# 1-loop integral from QFT

This question has no detail answers and I would like to ask the similar question. I deal with the following integral: $$\int_{0}^{1}dx\,x(1-x) \ln\frac{M^2-k^2x(1-x)}{\lambda^2},$$ where one can assume that $$M>0$$, $$\lambda>0$$, ... (in other words, I would loke to emphasize that integral is convergent). The "branch point" is $$x_{1,2}=\frac{1}{2}\pm\frac{1}{2}\sqrt{k^2-4M^2}$$ and I don't know how to evaluate this integral. I think about integration in complex plane with suitable contour but don't know how to perform this calculation.

I know the answer with help of Mathematica but I am interested in how to do it "by hands". Also, may be this question this question is helpful for further discussion.

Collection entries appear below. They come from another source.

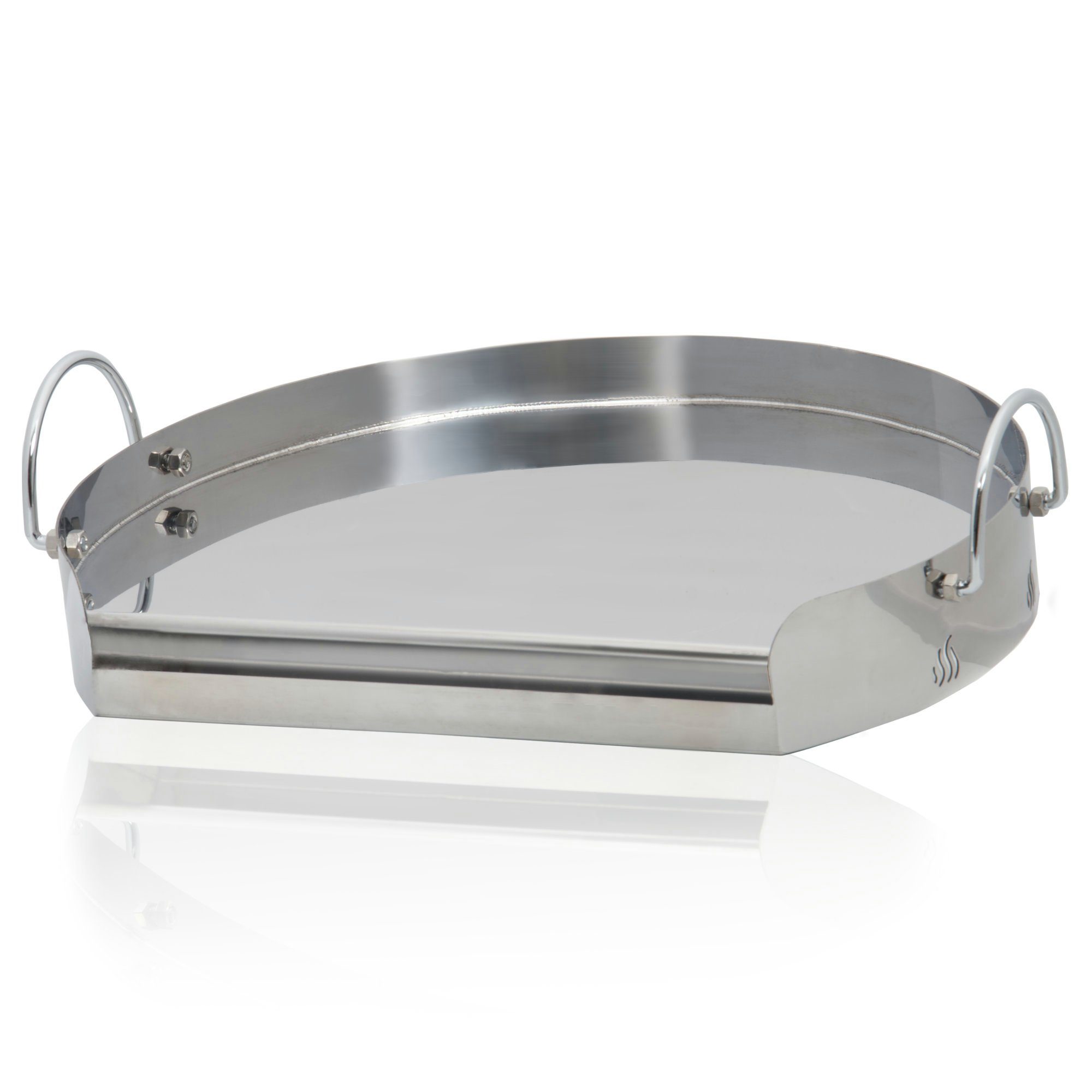 Die runde Grillplatte können Sie einfach auf Ihre Grillfläche legen und sofort nutzen. Die, aus 2-mm-starken Edelstahl gefertigte, Grillplatte wiegt ca. 4,5 kg und passt in viele Gasgrills. Mit einer gleichmäßigen Verteilung der Wärme sorgt die Grillplatte für ein perfektes Grillergebnis. Auf der 45,5 x 34 cm großen Grillfläche hat Ihr Grillgut viel Platz auf der Grillplatte. Sie und Ihre Gäste werden begeistert sein. Mittels der Rinne können Bratreste und überschüssiges Fett / Öl ganz einfach "entsorgt" werden, um weiterhin sauber auf der Plancha zu grillen. So wird der Geschmack Ihrer Speisen nicht verfälscht und Sie erzielen ein ausgezeichnetes Grillergebnis.
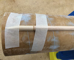 Once the forward end was done, it was time to go back and finish up the aft end. This is a very interesting section, not only because it contains the forward half of the interstage, but also because it has a tail cone that the compound curved fins need to match. (See the next section on making the fins.)
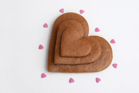 Undecorated heart-shaped gingerbread cookies in three sizes with small sugar hearts on a white background, copy space for text
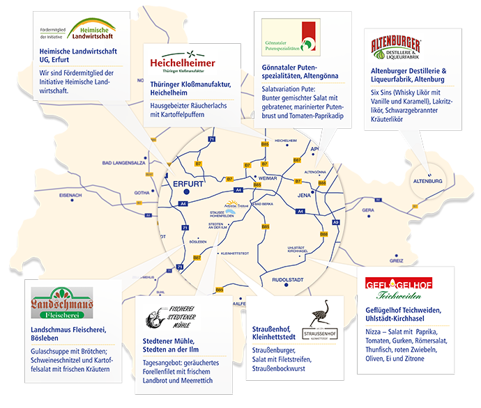 Im Einklang mit der Natur haben wir unser Speisenangebot an Fleisch, Fisch und Geflügel nahezu vollständig auf Produkte aus der Region umgestellt. Genießen Sie abwechlungsreiche kulinarische Angebote mit den Produkten der heimischen Landwirtschaft und aus artgerechter Tierhaltung. Im Saunarestaurant werden die Produkte der regionalen Erzeuger zu schmackhaften Gerichten wie dem Schweineschnitzel und die deftige Gulaschsuppe aus der Landschmaus-Fleischerei Bösleben, der Salatvariation "Pute" von den Gönnataler Putenspezialitäten oder die Kartoffel aus Heichelheim weiterverarbeitet. Auch im Thermenrestaurant werden die Zutaten für die beliebte Bockwurst, das Wiener Würstchen, die Bolognese und die Kartoffelpuffer von den regionalen Partnern bezogen und weiter verarbeitet.
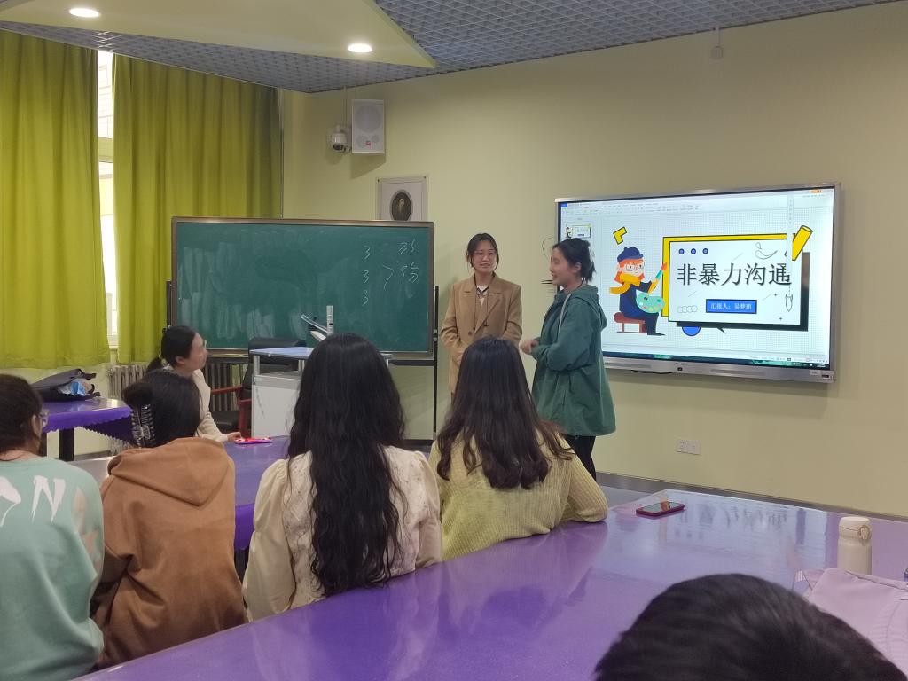 本次活动由社团负责人吴梦琪主持。活动开始时,由吴梦琪同学对本次讲座进行介绍,首先使同学们对本次讲座内容有一个充分的认知。之后,吴同学对心理类书籍《非暴力沟通》进行作品解读,首先介绍本书的作者:马歇尔.卢森堡,使同学们对于书籍和作者有一个大致的了解。然后深入探究书中涉及到的心理学知识并普及与此相关的心理学家。通过社团负责人带着大家对书籍的深入学习,同学们逐渐认识到了潜藏在生活角落当中那些不被人注意的隐蔽的暴力。然后,由社团负责人从暴力沟通的来源、如何做到非暴力沟通、非暴力沟通的练习三个方面,带领大家深入学习相关知识。最后由社团负责人对本次活动进行总结,为本次团体活动画下完美的句号。
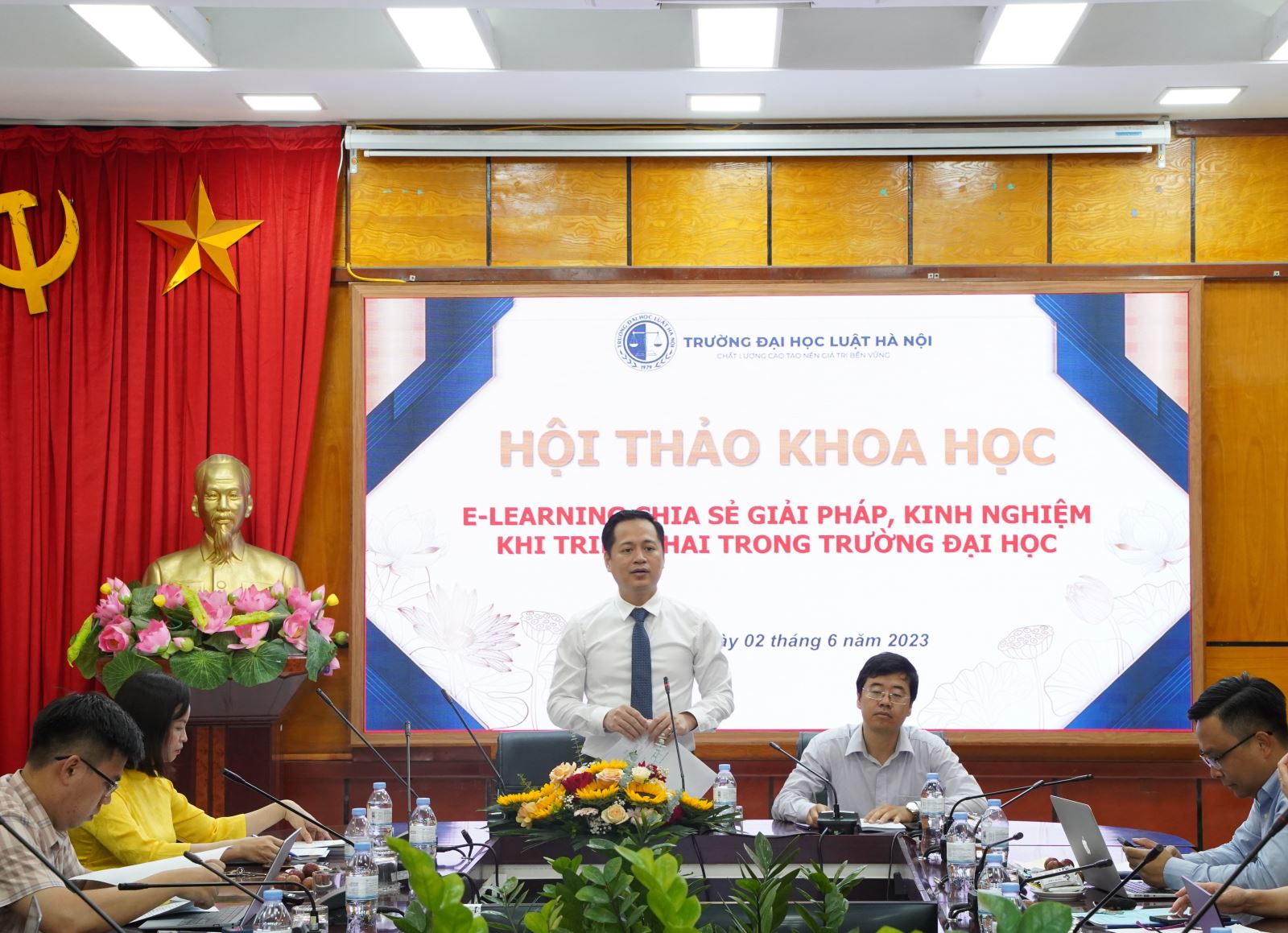 Sáng ngày 02/6/2023, Trường Đại học Luật Hà Nội tổ chức Hội thảo khoa học cấp Trường: “E-learning chia sẻ giải pháp, kinh nghiệm khi triển khai trong trường Đại học” dưới sự chủ trì của ThS. Phạm Văn Hạnh – Giám đốc Trung tâm Công nghệ thông tin và TS. Trần Vũ Hải – Phó Trưởng Phòng Quản lý khoa học và trị sự Tạp chí.

• The integrand has an antiderivative in the form $P(x) + Q(x) \log \frac{M^2 - k^2 x(1-x)}{\lambda^2} + \tan^{-1} (ax + b)$ for some polynomials $P, Q$ and constants $a, b$. It's grungy but straightforward to verify. Jan 13 '19 at 15:33
• @anomaly in Russian language I don't see word "antiderivative". If I consider indefinite integral, the answer for this indefinite integral is the "antiderivative"? What about degrees of $P$ and $Q$? Jan 13 '19 at 17:12
• Yes. (Well, some people are pedantic about the implicit additive constant.) The degrees of $P$ and $Q$ are $2$ or $3$; I don't remember exactly what they are offhand. Jan 13 '19 at 17:15
• Ok, now I know how to find anti-derivative but the answer is really compicated :D Jan 13 '19 at 18:20
• That's QFT in a nutshell. :) Jan 13 '19 at 18:30